Giesinger came to Iowa with her mentor, Patrick McNamara, MB, BCh, director of the Division of Neonatology in the Stead Family Department of Pediatrics and leader of the neonatal hemodynamics initiative that monitors fragile newborns using echocardiography, along with near-infrared spectroscopy and electroencephalogram (EEG), to assess brain health. 

With neonatal hemodynamics we are able to investigate the relationship of the heart to the brain. And then we can come up with therapies or strategies that, by helping the heart, we’re actually improving brain outcomes, which is fairly transformative in terms of neonatal care.

For example, an enhanced understanding of neonatal hemodynamics helps doctors treat brain asphyxia, or lack of oxygen to the brain prior to birth. In these cases, standard of care is the use of therapeutic hypothermia to cool the infant’s body. However, 40% to 50% of babies still suffer brain damage. Research by McNamara and his team shows that right heart dysfunction (identified by ultrasound) seems to be a precursor to this outcome. 

In his previous post at The Hospital for Sick Children in Toronto, Canada, Patrick McNamara, MB, BCh, and his team increased the total number of annual neonatal hemodynamic consultations from 30 to 1,500 in a decade. The program enables enhanced diagnostic precision leading to optimization of medical therapy. Today, neonatal hemodynamic review is standard of care in all 15 of Canada’s academic medical centers.

“In the United States, there are probably only two or three other programs that offer some form of neonatal hemodynamic care,” says McNamara, director of the Division of Neonatology in the Stead Family Department of Pediatrics and leader of the neonatal hemodynamics program at Iowa. “These other programs are looking to us at the University of Iowa to guide them in developing comparable programs that hopefully will benefit patients in their region.”

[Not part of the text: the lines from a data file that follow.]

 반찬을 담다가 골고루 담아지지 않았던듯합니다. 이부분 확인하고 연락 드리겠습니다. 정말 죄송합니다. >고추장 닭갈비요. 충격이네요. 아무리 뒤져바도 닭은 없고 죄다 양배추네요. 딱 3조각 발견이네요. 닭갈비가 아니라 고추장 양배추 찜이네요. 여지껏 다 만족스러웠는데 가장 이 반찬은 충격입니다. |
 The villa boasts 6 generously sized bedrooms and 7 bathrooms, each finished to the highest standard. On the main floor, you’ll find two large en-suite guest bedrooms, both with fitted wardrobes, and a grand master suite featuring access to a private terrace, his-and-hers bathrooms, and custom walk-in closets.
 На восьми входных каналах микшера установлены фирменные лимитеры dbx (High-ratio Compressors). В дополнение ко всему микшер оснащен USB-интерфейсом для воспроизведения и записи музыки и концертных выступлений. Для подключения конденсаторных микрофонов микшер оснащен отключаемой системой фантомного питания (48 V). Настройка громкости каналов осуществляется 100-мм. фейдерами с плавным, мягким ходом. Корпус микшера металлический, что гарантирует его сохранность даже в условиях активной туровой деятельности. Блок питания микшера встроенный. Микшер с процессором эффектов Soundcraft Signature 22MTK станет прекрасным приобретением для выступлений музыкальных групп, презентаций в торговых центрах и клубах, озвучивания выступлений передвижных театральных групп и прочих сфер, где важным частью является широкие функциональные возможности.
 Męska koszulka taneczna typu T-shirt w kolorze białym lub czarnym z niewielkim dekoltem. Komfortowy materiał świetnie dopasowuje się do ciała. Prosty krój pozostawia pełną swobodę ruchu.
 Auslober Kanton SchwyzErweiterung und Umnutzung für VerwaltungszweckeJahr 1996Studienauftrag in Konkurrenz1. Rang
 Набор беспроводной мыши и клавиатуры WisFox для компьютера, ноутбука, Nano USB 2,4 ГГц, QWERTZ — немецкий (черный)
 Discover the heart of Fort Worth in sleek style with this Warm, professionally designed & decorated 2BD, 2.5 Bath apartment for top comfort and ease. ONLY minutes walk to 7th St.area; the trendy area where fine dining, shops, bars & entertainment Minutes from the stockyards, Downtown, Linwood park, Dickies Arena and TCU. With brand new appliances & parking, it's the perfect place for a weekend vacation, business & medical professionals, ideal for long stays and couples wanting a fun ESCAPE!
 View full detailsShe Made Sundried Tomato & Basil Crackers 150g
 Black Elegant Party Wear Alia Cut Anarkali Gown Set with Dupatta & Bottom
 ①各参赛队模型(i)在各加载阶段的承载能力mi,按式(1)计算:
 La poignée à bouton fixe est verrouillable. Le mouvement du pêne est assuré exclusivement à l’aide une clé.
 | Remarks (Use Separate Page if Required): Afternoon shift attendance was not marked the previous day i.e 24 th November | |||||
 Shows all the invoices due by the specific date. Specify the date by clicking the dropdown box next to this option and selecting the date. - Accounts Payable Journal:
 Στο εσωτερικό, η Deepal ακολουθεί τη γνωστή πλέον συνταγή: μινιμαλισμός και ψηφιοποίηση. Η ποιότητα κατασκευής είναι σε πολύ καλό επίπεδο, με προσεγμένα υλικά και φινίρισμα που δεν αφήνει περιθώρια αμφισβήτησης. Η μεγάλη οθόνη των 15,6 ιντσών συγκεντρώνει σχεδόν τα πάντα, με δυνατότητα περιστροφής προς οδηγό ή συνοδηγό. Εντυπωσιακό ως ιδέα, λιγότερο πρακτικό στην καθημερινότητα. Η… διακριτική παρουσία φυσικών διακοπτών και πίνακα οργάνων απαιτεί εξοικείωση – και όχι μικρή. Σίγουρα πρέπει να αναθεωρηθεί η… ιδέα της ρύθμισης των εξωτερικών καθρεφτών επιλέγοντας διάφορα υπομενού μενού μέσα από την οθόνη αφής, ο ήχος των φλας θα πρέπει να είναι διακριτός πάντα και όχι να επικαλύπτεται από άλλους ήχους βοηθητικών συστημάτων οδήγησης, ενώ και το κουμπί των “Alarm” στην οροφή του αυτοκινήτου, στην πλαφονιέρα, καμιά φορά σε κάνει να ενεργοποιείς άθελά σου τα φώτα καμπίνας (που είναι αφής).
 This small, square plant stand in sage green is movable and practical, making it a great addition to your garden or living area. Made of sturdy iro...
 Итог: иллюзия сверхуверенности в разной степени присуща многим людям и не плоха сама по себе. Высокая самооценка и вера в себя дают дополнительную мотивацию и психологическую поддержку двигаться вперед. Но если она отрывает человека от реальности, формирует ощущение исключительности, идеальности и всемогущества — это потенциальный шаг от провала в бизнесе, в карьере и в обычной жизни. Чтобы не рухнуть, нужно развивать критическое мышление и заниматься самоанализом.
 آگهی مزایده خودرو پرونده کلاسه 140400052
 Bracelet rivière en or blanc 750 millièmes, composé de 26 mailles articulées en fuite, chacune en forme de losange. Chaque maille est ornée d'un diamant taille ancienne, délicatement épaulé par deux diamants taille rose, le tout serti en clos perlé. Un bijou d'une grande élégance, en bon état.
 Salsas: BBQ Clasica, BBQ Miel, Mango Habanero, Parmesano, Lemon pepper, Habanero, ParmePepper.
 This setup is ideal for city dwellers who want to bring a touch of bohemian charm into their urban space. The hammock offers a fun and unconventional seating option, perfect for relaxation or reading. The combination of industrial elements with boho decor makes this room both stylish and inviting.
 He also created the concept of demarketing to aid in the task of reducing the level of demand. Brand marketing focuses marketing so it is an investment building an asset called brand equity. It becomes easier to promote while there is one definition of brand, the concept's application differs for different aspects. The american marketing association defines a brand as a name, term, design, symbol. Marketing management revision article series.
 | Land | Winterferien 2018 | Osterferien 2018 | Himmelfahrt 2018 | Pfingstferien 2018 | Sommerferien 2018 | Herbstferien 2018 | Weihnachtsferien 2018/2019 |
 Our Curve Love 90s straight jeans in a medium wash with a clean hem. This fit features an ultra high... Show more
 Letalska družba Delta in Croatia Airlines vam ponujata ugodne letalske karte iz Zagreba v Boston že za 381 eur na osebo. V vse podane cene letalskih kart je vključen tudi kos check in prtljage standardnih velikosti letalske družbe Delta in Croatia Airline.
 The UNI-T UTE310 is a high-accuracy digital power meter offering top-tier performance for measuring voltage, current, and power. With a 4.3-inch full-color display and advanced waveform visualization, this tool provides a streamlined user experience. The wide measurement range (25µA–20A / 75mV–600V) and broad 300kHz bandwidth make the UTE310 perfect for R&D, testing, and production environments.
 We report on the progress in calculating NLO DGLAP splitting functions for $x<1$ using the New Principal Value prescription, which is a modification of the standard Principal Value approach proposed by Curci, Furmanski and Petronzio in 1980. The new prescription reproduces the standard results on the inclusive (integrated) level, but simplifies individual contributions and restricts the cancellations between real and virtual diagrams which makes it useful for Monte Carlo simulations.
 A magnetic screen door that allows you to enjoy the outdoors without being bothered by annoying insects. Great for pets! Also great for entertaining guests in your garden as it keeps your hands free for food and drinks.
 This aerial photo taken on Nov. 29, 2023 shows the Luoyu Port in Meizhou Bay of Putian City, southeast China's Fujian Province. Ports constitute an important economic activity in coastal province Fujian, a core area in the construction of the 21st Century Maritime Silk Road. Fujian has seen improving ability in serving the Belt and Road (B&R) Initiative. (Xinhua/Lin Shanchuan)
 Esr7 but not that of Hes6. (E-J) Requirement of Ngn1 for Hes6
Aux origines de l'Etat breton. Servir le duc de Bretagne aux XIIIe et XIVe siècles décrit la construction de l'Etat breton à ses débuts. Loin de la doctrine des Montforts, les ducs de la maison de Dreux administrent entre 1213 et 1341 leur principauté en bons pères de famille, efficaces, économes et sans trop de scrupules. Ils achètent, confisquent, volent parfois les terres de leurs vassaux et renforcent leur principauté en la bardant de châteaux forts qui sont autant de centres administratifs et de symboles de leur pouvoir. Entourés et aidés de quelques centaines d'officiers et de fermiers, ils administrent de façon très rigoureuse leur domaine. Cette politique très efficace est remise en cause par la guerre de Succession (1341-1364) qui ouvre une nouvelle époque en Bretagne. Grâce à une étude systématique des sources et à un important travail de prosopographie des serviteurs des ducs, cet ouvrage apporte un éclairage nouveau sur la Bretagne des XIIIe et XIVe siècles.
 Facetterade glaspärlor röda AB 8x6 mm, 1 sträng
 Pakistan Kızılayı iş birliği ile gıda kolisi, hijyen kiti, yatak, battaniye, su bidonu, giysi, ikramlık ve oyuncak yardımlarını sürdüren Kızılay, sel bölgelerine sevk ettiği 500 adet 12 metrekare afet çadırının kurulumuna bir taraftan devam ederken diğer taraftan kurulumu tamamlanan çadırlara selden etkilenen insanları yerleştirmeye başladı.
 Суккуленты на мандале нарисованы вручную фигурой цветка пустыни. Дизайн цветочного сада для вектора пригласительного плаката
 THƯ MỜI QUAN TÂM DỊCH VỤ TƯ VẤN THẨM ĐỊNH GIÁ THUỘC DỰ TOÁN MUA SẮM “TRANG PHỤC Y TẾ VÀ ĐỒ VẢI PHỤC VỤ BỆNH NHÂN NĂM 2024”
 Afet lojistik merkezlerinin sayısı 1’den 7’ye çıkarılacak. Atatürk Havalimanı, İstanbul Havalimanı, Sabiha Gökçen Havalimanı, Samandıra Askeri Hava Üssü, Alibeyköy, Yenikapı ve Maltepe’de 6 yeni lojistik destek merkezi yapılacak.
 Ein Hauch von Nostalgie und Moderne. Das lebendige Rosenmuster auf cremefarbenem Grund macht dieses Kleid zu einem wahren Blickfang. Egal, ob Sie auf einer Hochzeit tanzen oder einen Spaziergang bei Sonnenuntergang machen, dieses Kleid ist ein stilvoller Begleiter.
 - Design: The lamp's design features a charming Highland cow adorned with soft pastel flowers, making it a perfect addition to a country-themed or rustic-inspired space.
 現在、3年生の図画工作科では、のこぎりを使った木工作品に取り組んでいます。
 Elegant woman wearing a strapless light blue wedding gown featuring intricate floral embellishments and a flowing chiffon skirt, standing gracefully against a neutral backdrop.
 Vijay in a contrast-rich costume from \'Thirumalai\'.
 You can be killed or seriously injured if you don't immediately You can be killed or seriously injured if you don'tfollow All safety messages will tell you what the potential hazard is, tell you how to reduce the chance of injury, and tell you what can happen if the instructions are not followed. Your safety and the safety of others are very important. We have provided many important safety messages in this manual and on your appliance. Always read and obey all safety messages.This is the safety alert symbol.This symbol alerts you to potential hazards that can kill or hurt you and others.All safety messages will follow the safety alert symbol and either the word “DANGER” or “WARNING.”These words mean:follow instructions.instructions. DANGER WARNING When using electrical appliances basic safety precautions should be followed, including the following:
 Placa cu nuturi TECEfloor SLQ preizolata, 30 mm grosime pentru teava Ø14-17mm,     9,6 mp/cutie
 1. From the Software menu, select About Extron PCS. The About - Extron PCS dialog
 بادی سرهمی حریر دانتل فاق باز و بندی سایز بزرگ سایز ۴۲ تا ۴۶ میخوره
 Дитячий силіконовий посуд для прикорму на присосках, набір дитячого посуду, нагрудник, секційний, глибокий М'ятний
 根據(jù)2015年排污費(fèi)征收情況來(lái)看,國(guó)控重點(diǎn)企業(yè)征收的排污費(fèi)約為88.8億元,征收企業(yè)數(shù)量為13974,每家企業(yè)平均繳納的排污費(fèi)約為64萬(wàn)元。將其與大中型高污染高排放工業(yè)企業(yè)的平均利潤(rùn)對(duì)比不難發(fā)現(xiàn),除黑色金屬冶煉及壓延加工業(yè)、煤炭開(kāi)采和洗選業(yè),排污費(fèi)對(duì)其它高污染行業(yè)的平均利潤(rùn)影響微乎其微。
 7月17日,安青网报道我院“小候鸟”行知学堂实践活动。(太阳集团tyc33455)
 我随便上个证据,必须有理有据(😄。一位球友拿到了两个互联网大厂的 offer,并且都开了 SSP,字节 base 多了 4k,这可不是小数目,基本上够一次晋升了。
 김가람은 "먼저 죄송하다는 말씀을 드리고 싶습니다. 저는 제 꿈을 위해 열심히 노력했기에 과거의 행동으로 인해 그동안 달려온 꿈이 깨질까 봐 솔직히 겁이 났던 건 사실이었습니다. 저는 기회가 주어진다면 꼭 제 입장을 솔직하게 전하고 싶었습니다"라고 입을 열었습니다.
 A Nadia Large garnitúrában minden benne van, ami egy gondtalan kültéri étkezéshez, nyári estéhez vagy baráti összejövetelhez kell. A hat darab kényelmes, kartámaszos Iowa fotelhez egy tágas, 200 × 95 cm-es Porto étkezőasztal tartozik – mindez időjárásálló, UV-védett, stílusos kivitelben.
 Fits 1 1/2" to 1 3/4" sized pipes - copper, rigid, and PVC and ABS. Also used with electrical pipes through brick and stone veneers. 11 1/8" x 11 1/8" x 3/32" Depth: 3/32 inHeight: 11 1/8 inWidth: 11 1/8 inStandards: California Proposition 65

In the U.S., physicians trained in neonatology receive limited training in cardiovascular physiology, says McNamara, which is why so few Neonatal Intensive Care Units (NICU) in the nation use echocardiography to monitor premature or critically ill newborns. At UI Stead Family Children’s Hospital, the goal of the neonatal hemodynamics program is to eventually offer two to three fellowships per year, which could help to increase the number of experts nationwide and save more lives. The first neonatology hemodynamic fellow at Iowa arrived in summer 2019.

“What we saw in Canada was that once we built our training program and started to take the most talented neonatal trainees and put them through a dedicated year of training, those individuals then went on to start programs in other sites and the program really grew across the country,” says McNamara, who has pioneered standardized training in neonatal hemodynamics in the U.S. and Europe. “Almost every week, there's someone who contacts me to ask if we have someone trained who can come build a neonatal hemodynamics program at their hospital.

“I think over the next five to 10 years, this field will expand significantly, and the program here is going to play a major role in transforming neonatal care in this country,” he says.

Danielle Rios, MD, MS, who trained at The Hospital for Sick Children in Toronto and the Baylor College of Medicine, will aggregate the data collected through monitoring the babies to create predictive algorithms that will help the team further understand the factors influencing patient outcomes.